During the amendment of budgetary laws, discretionary spending caps were created to limit spending. However, these caps were allowed to expire without appropriate caps to replace them. This means that once they attain their expiry dates, those involved in the budget-making process may come up with policies that increase spending proportionately.

Conclusion

The budget-making process in the United States depends directly on the president and the congress and indirectly on the American people who elected them. The process is very fundamental as it determines the factions of the government to be prioritized and the amounts of money to be allocated to the various factions. The method also has a framework on how to collect revenue and ensures the smooth running of the government.

References

Guner, N., Lopez-Daneri, M., & Ventura, G. (2016).

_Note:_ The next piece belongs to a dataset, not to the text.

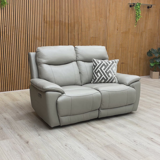 ‘Sloane’ Cat-60:28 New Grey Leather 2 Seater Power Recliner Sofa

Heterogeneity and Government revenues: Higher taxes at the top?. Journal of Monetary Economics80, 69-85.

Jackson, T., & Victor, P. A. (2015). Does credit create a ‘growth imperative’? A quasi-stationary economy with interest-bearing debt. Ecological Economics120, 32-48.

http://gesd.free.fr/jacksonvictor.pdf

Miller, G. (2018). Performance-based budgeting. Routledge.

Phaup, M. (2019). Budgeting for Mandatory Spending: Prologue to Reform. Public Budgeting & Finance39(1), 24-44.

https://onlinelibrary.wiley.com/doi/pdf/10.1111/pbaf.12210

Solodukha, P. V., Vasiutina, E. S., Korolkova, N. A., Erokhin, S. G., Starostenko, V. K., & Matraeva, L. V. (2016). The fundamental contradiction of economic growth as a threat to the human capital reproduction process in Russia. International Journal of Economics and Financial Issues6(1S), 163-167.